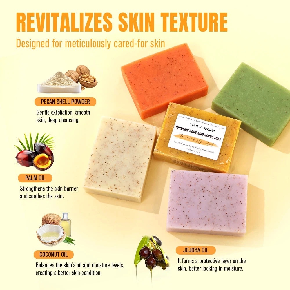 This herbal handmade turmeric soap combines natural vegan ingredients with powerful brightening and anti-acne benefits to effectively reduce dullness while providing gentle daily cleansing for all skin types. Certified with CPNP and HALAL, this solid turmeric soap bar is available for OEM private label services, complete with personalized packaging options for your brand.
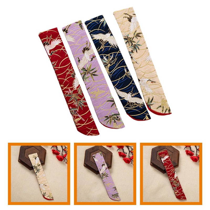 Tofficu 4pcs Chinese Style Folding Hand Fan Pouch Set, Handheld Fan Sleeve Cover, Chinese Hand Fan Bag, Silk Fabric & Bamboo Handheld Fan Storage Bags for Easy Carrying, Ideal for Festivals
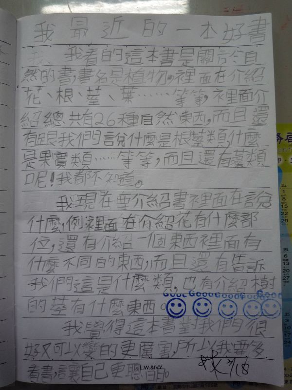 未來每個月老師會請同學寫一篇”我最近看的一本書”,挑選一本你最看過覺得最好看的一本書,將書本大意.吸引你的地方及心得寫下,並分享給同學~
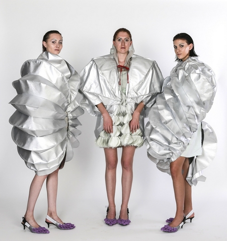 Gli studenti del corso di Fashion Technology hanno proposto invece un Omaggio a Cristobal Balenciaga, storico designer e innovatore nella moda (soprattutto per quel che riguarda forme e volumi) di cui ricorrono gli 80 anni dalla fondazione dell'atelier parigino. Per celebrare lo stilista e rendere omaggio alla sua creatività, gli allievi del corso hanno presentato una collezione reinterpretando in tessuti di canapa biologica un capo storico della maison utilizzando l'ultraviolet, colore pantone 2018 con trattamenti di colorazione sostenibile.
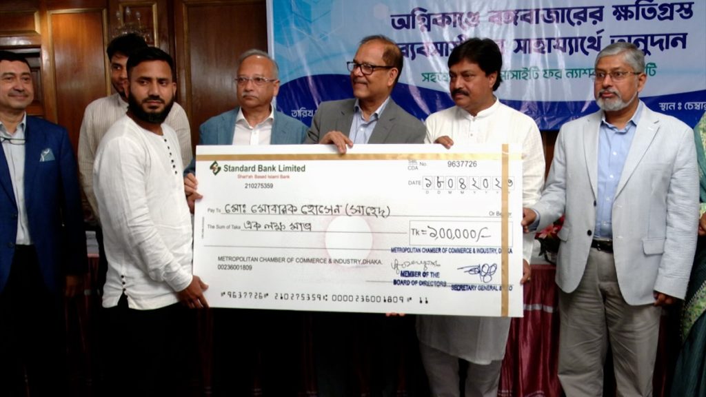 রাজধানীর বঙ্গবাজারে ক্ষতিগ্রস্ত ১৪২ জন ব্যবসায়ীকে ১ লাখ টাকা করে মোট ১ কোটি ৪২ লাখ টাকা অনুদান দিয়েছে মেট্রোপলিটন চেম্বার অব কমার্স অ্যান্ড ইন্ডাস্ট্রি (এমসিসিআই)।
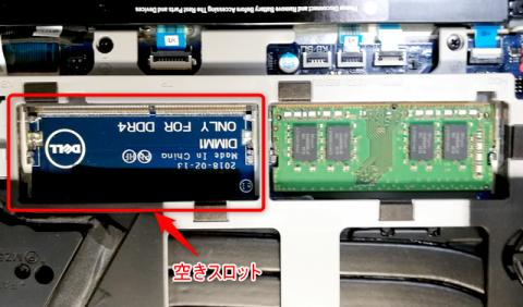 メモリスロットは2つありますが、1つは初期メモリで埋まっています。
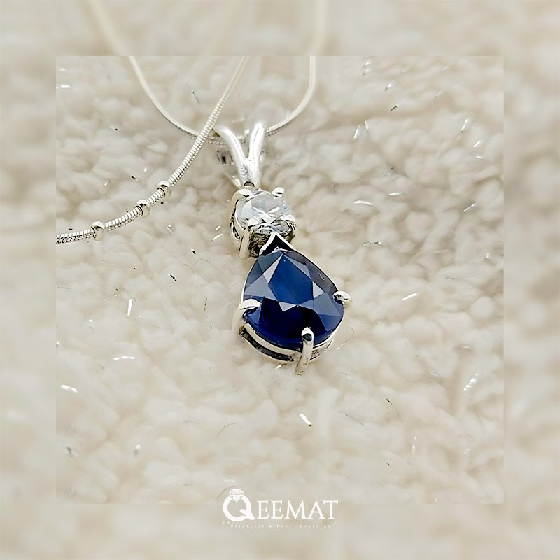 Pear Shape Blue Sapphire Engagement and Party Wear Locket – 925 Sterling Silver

......

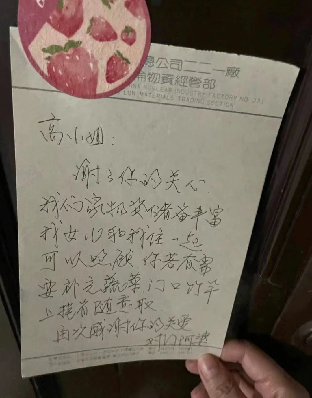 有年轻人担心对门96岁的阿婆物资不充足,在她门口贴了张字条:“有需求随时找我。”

......

§ **Activity**:
Would you output only the span of the records above that opens with the line containing "রাজধানীর বঙ্গবাজারে ক্ষতিগ্রস্ত" and closes with the line containing "Pear Shape Blue", ends included and pictures dropped?

§ **Exercise result**:
 রাজধানীর বঙ্গবাজারে ক্ষতিগ্রস্ত ১৪২ জন ব্যবসায়ীকে ১ লাখ টাকা করে মোট ১ কোটি ৪২ লাখ টাকা অনুদান দিয়েছে মেট্রোপলিটন চেম্বার অব কমার্স অ্যান্ড ইন্ডাস্ট্রি (এমসিসিআই)।
 メモリスロットは2つありますが、1つは初期メモリで埋まっています。
 Pear Shape Blue Sapphire Engagement and Party Wear Locket – 925 Sterling Silver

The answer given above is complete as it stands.